After completing school she was sent to study at the academy of music in Jerusalem and upon returning to the kibbutz taught music to the kibbutz children. During this period she wrote several children’s songs, including “The Short Tour,” “The Post Van,” and“Our Little Brother,”all of which appeared for the first time on the 1958 album by Yuaffa Yarkoni, Songs from Kinneret.

Shemer began her army service in the Israeli Defense Force's Nahal entertainment troupe. During her military service in 1956 she wrote several songs for a revue by the Central Command troupe, “A Raid in the Village” under the pseudonym S. Carmel. After her discharge she married the actor Gideon Shemewith whom she had a daughter, Lali. They were later divorced; she went on to marry attorney Mordechai Horowitz, with whom she had a son, Ariel.

Shemer did her own songwriting and composing, set famous poems to music, such as those of the Israeli poet, Rachel, and adapted well-known songs into Hebrew, such as the Beatles songs "Let It Be."

In 1963, she composed "Hurshat Ha'Eucalyptus (The Eucalyptus Grove)," a song that evokes Kvutzat Kinneret where she was born, and sung in a recent version by Ishtar.

In 1967, she wrote the famous patriotic song "Yerushalayim Shel Zahav," sung by Shuly Nathan. Inspired by the Basque lullaby "Pello Joxepe" (something Shemer admitted to later on), it was originally for the Israeli Music Festival, and she added another verse after the Six-Day War that year.

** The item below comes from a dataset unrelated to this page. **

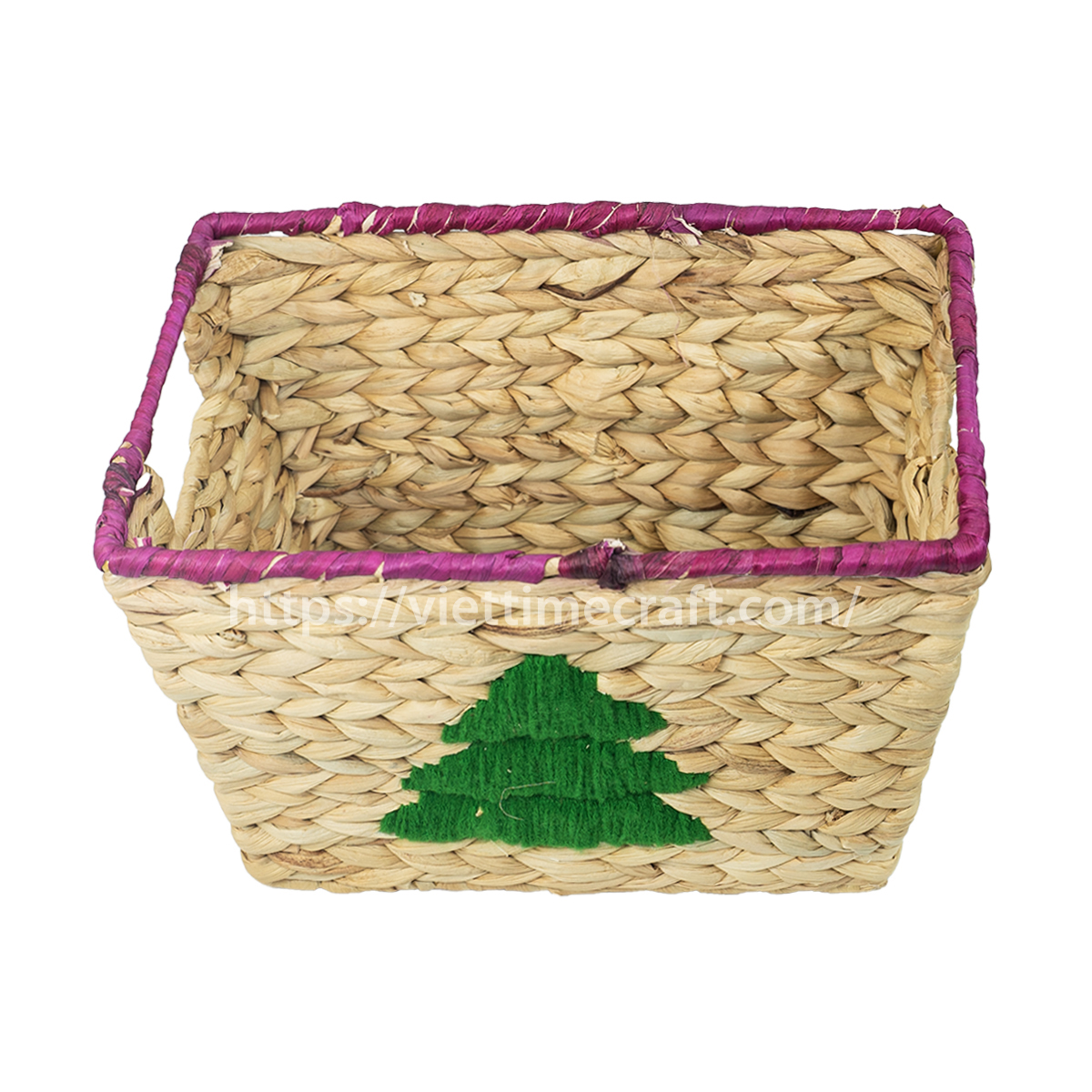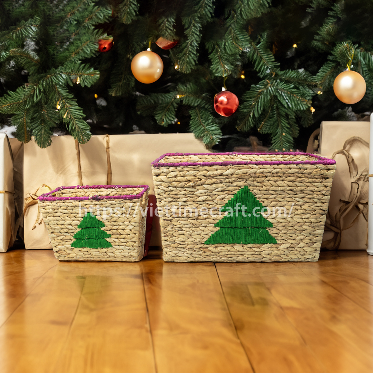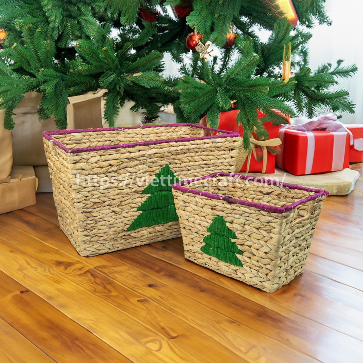 • Product Name: Set Of 2 Water Hyacinth Basket with Christmas Tree Embroidery

In 1982 her third collection, Book Three, was published. At the annual Arad Festival, which was launched that year, as well as at subsequent Arad Festivals, Shemer’s songs filled the programs of all the ensembles, every one of which performed at least one or two of her songs. In 1983, Shemer received the Israel Prize for Hebrew song (words and melody).

In 2005, she was voted the 6th-greatest Israeli of all time, in a poll by the Israeli news website Ynet to determine whom the general public considered the 200 Greatest Israelis.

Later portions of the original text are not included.